Organic acid analysis using ion-exclusion HPLC

Organic acid concentrations in the digesta were measured using ion-exclusion High-Performance Liquid Chromatography (HPLC) as described previously [22]. Organic acids were detected in all the digesta samples, but the digesta from the Pars Pylorica (PP9) had a relatively low concentration of organic acids compared to the digesta from the other regions. Obviously, higher levels of acetate were detected in both the foregut (PS12, TG11, and S10) and the hindgut (C4, PC3, DC2, and R1). Conversely, the concentrations of succinate, formate, and n-valerate were lower than those of acetate and n-butyrate. Furthermore, lactate concentrations were higher in the digesta from the small intestine (D8, PJ7, DJ6, and I5) than the digesta from other regions (Figure 1B, Table S2).

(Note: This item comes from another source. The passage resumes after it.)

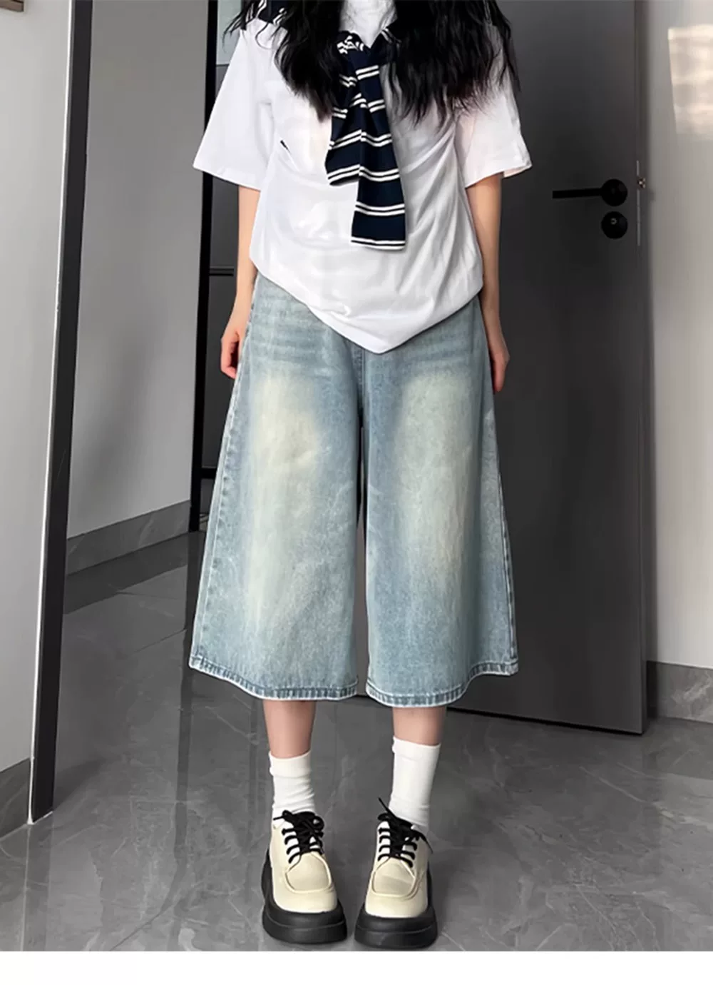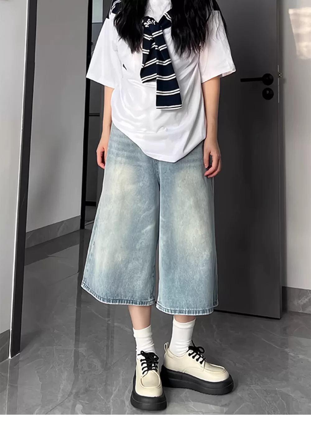 Quần jean ống rộng màu xanh nhạt dành cho nữ, size lớn mùa hè, cạp cao, dáng rộng, tôn dáng, quần dài vừa phải ống thẳng

Microbiota analysis using the miseq platform

Bacterial DNA was extracted from the digesta as described previously [23]. The microbiota composition of the digesta was analyzed using Next-Generation Sequencing (NGS) and the MiSeq platform (Illumina, CA, USA) as previously described [24]. The alpha diversity in each gastrointestinal digesta was different: the hindgut digesta showed higher alpha diversity than the forestomach. Weighted UniFrac principal coordinates analysis showed that the forestomach, small intestine, and large intestine had different microbiota. The top 10 abundant genera in the stomach, small intestine, and large intestine are shown in (Table 1), respectively. As shown in (Tables 2), each gastrointestinal digesta had a unique microbiota. In the forestomach (PS12, TG11, and S10), the genera Prevotella and Selenomonas were dominant, while the genus Clostridium was dominant in PP9 (Table 1). In the small intestine, each digesta (D8, PJ7, DJ6, and I5) also had a unique microbiota, the genus Turicibacter was predominant in I5 compared with the other regions (Table 2). In the large intestine, the various digesta (C4, PC3, DC2 and R1) had similar microbiota, relatively the family Ruminococcaceae was dominant (Table 3).